O aporte teórico dos determinantes sociais de saúde contribui para refletirmos sobre como cada sujeito nasce, vive e morre nesses bairros. É possível afirmar que as diversas barreiras que fazem parte do cotidiano das pessoas que residem em bairros como Mario Quintana e na Restinga constituem inequidades, tendo em vista a vida daquele(as) que moram no quadrilátero mais rico da capital gaúcha.

A precarização do trabalho e do acesso aos serviços como o de saúde afeta sobremaneira as pessoas pobres e periféricas. Aqui em Porto Alegre, as políticas ultraliberais intensificadas nos governos desde a gestão de Nelson Marchezan Jr. (2017-2021) desempenham um papel preponderante na rotatividade de profissionais de saúde e do funcionamento dos serviços de saúde da Capital.

Em um estudo inédito que será publicado em 2023 (Polidoro, M.; Bairros, F.; Meneghel, S.; Rainone, F.; Canavese, D. Disparidades espaciais e em saúde entre brancos e negros em Porto Alegre, Rio Grande do Sul. Cadernos de Saúde Coletiva. No prelo. 2023), verificamos a partir de dados do Sistema de Informação de Agravos de Notificação (SINAN), também disponíveis na Biblioteca Virtual da Atenção Primária à Saúde, que a taxa de HIV/Aids na população negra, em 2019, foi quase 4 vezes maior em relação a população branca. Enquanto a taxa a cada 100 mil habitantes para os negros foi de 320,18 para a população branca o valor foi de 93,18.

As disparidades também foram identificadas no agravo da sífilis no mesmo ano: 162,98 a cada 100 mil habitantes para população branca e 435,56 para população negra. No extremo sul da Capital, o risco de uma pessoa negra ter HIV foi 6,71 maior comparado as pessoas brancas residentes na mesma região.

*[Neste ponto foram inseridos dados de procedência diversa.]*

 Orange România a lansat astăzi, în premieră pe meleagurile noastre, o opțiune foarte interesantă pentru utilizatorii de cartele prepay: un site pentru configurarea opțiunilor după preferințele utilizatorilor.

Estes dados, que poderiam ser explorados para outros agravos como covid-19, diabetes, hipertensão e obesidade revelam a necessidade de construção de políticas transgressoras e inclusivas, que considere a integralidade como princípio e a inequidade como uma lente para interagir com as realidades.

Assim, a transgressão que aqui aponto é a urgência de romper com o processo de terceirização galopante que provoca a volatilidade de profissionais nos serviços de saúde, a precarização dos processos de trabalho e afeta o vínculo dos serviços de saúde com o território e a complexidade da vida.

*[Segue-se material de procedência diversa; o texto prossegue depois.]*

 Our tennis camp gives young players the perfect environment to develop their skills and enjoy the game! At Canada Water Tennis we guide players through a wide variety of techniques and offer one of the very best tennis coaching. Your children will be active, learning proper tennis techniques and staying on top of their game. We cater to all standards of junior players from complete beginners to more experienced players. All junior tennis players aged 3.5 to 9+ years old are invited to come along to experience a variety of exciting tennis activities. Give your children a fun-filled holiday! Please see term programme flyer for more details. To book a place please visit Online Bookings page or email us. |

No caso dos territórios quilombolas, negros e pobres, as barreiras impostas pelo racismo estrutural e institucional reverberam nas condições de saúde e moradia da população. Aqui, a urgência da transgressão é de romper com a violência colonial e incorporar a história e o conhecimento tradicional desta população na gestão da cidade e como alternativa para a promoção da saúde.

A história de Porto Alegre nos mostra que as empreitadas segregantes e gentrificantes dos especuladores imobiliários e da Prefeitura à luz da máxima "remover para promover", que marcou a construção de alguns dos bairros que aqui mencionamos, foram insuficientes para aniquilar a força viva do saber tradicional. Os quilombos como da Família Silva e do Fidélix e ocupações como da Vida Nova, na Restinga, demonstram como a resiliência e a resistência resultam em sabedoria para o cuidado das comunidades.

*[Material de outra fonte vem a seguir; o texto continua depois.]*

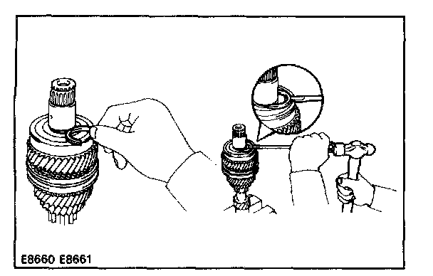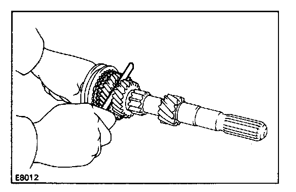 5. INSTALL SPACER, SYNCHRONIZER RING, NEEDLE ROLLER BEARINGS, FOURTH GEAR AND RADIAL BALL BEARING
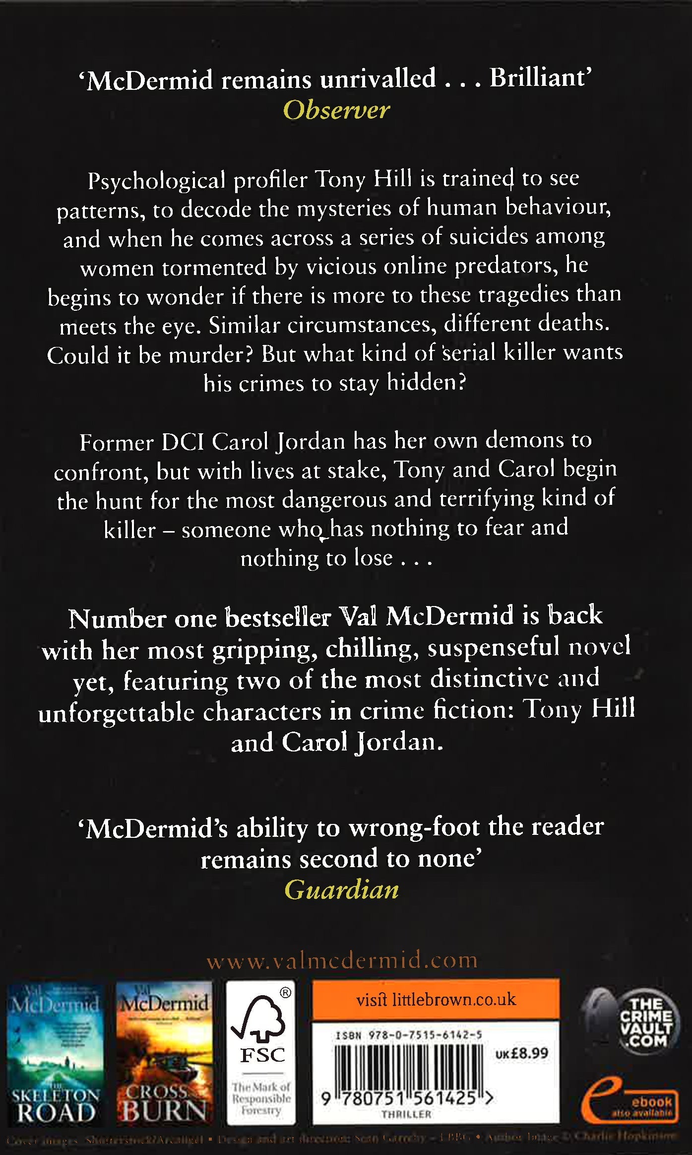 Number one bestseller Val McDermid is back with her most gripping, chilling, suspenseful novel yet, featuring two of the most distinctive and unforgettable characters in crime fiction: Tony Hill and Carol Jordan.

Estas transgressões não são um sonho distante ou só utopias, tampouco infrações, delitos ou crimes. Vale compartilhar o pensamento que para alcançar a materialidade das transgressões, no que tange uma saúde e uma cidade que queremos, estará em breve mais próximo da nossa realidade. Isso se dará a partir das nossas escolhas e da nossa participação. Atuar e fortalecer os conselhos municipais agora e, em breve, as eleições, são oportunidades de mobilizações que nos permitirão a justiça social.

* Maurício Polidoro é geógrafo, pós-doutor em Saúde Coletiva. É professor do Instituto Federal do Rio Grande do Sul (Campus Porto Alegre) e do programa de pós-graduação em Saúde da Família da Universidade Federal do Rio Grande do Sul. É pesquisador do Observatório das Metrópoles (Núcleo Porto Alegre).

** Este é um artigo de opinião. A visão do autor não necessariamente expressa a linha editorial do jornal Brasil de Fato.